Steven P. Sanderson II, MPH

Published

March 29, 2023

Introduction

Time series analysis is a powerful tool for understanding and predicting patterns in data that vary over time. In this tutorial, we will use the AirPassengers dataset to create a bootstrapped timeseries model in R.

The AirPassengers dataset The AirPassengers dataset contains data on the number of passengers traveling on international flights per month from 1949 to 1960. To begin, we will load the dataset into R and plot it to get an idea of the data’s structure and any underlying patterns.

library(forecast)

data(AirPassengers)
plot(AirPassengers, main = "International Airline Passengers 1949-1960")

From the plot, we can see that there is a clear upward trend in the data, as well as some seasonality.

Creating a bootstrapped timeseries model

Now that we have an idea of the structure of the data, we can create a bootstrapped timeseries model using the auto.arima() function from the {forecast} package. The auto.arima() function uses an automated algorithm to determine the best model for a given timeseries.

set.seed(123)
n <- length(AirPassengers)
n_boot <- 1000

# create bootstrap sample indices
boot_indices <- replicate(n_boot, sample(1:n, replace = TRUE))

# create list to store models
models <- list()

# create bootstrapped models
for(i in 1:n_boot) {
  boot_data <- AirPassengers[boot_indices[, i]]
  models[[i]] <- auto.arima(boot_data)
}

models[[1]]
Series: boot_data 
ARIMA(0,0,0) with non-zero mean 

Coefficients:
          mean
      275.5347
s.e.    9.5443

sigma^2 = 13209:  log likelihood = -887.01
AIC=1778.02   AICc=1778.1   BIC=1783.96

In the code above, we first set a seed to ensure reproducibility of our results. We then specify the length of the timeseries and the number of bootstrap iterations we want to run. We create a list to store the models and a set of bootstrap sample indices.

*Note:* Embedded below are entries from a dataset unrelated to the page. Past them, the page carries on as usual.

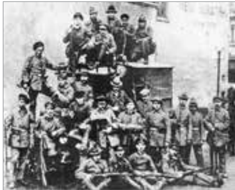
Solinger Rotarmisten bei einer Rast auf dem Weg nach Dinslaken/Wesel (Mitte März 1920)

Quellen erschlossen, die der Autor in jahrzehntelanger Recherche zusammengetragen hat. Zuerst geht das Buch aber auf die spon-
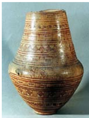
Pitigliano - Museo Civico Archeologico della Civiltà Etrusca
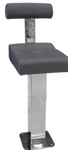
P 230 Q Supporto rettangolare Rectangular support
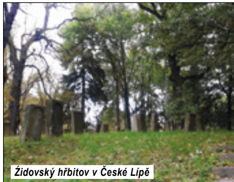
Židovský hřbitov v České Lípě

Starý židovský hřbitov se nachází mezi ulicemi U Střelnice a Roháče z Dubé. Traduje se, že byl založen v roce 1479, každopádně nejstarší dochované náhrobky pocházejí ze 17. století. Hřbitov byl rozšířen v roce 1758 a byl používán do roku 1905. Toho roku byl zřízen nový
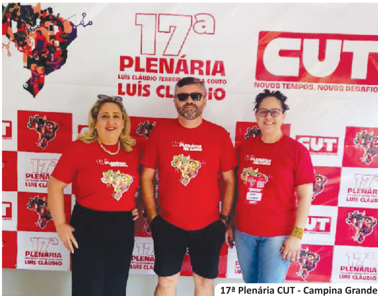
17ª Plenária CUT - Campina Grande
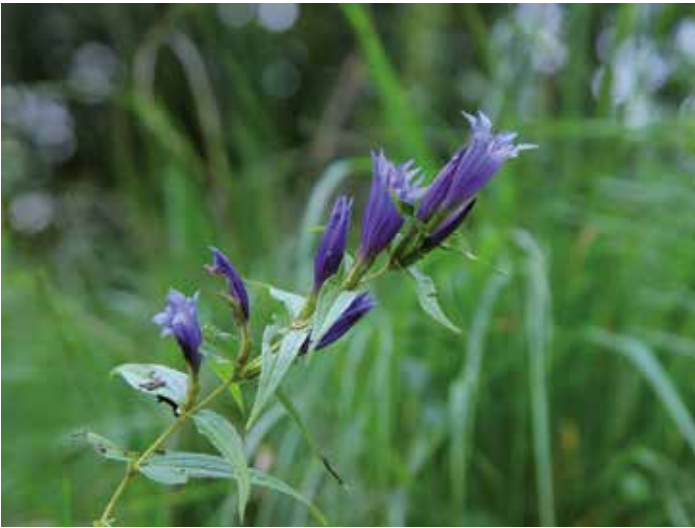
Lungenenzian, Foto R. Radach

Um 12 Uhr ist der Arbeitseinsatz beendet. Es ist wieder viel geschafft: Die Trampelpfade sind unpassierbar gemacht, ein Stauwerk kontrolliert und nebenbei Müll am Wegesrand aufgesammelt worden. Zwischendurch war Zeit, einen besonders großen Baumpilz zu bewundern und den Flug eines Mäusebussards zu beobachten. Geärgert haben sich die Naturschützer allerdings auch: Sie haben Gartenabfälle gefunden, die in einem Naturschutzgebiet nicht abgeladen werden dürfen, weil dadurch Pflanzen in das Gebiet gelangen, die nicht dorthin gehören und
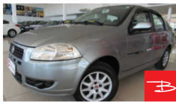
Fiat Siena Celebration EL 1.0 8V Flex 2012 Cinza, 4 portas, Manual, Gasolina e Álcool. por R$ 23.900
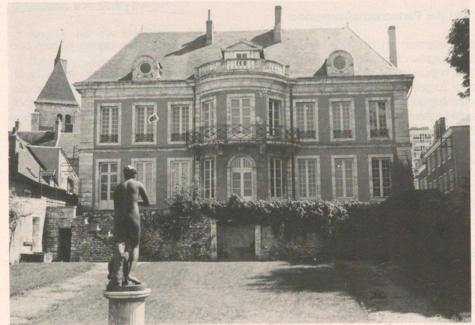
Das Haus Bertrand – seit 1925 Museum

So führten die Liebesaffären, wenn es überhaupt solche waren, zur Verbannung der Prinzessin von Condé nach Châteaurox.
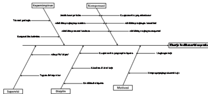
Gambar 6: Fishbone Diagram Faktor yang Mempengaruhi Kinerja FM

Jika dijabarkan dalam bentuk fishbone diagram atau cause and effect diagram maka akan tampak seperti gambar di bawah ini.
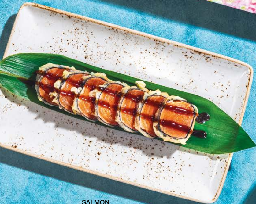
SALMON TEMPURA NORI

We then loop through each bootstrap iteration, creating a new dataset from the original timeseries by sampling with replacement using the boot_indices. We use the auto.arima() function to create a timeseries model for each bootstrap sample and store it in our models list.

Summarizing and plotting residuals

Now that we have created our bootstrapped timeseries models, we can summarize and plot the residuals of each model to get an idea of how well our models fit the data.

# create list to store residuals
residuals <- list()

# create residuals for each model
for(i in 1:n_boot) {
  boot_data <- AirPassengers[boot_indices[, i]]
  residuals[[i]] <- residuals(models[[i]])
}

# summarize residuals
residual_means <- sapply(residuals, mean)
residual_sd <- sapply(residuals, sd)

# plot residuals
par(mfrow = c(2, 1))

hist(
  residual_means, 
  main = "Bootstrapped Model Residuals", 
  xlab = "Mean Residuals"
  )
hist(
  residual_sd, 
  col = "red", 
  main = "", 
  xlab = "SD Residuals"
  )

par(mfrow = c(1,1))

In the code above, we create a list to store the residuals for each model, loop through each model to create residuals using the residuals() function, and summarize the residuals by taking the mean and standard deviation of each set of residuals.

We then plot the mean residuals and standard deviations for each model using the plot() function and add a legend to indicate the meaning of the two lines.

Voila!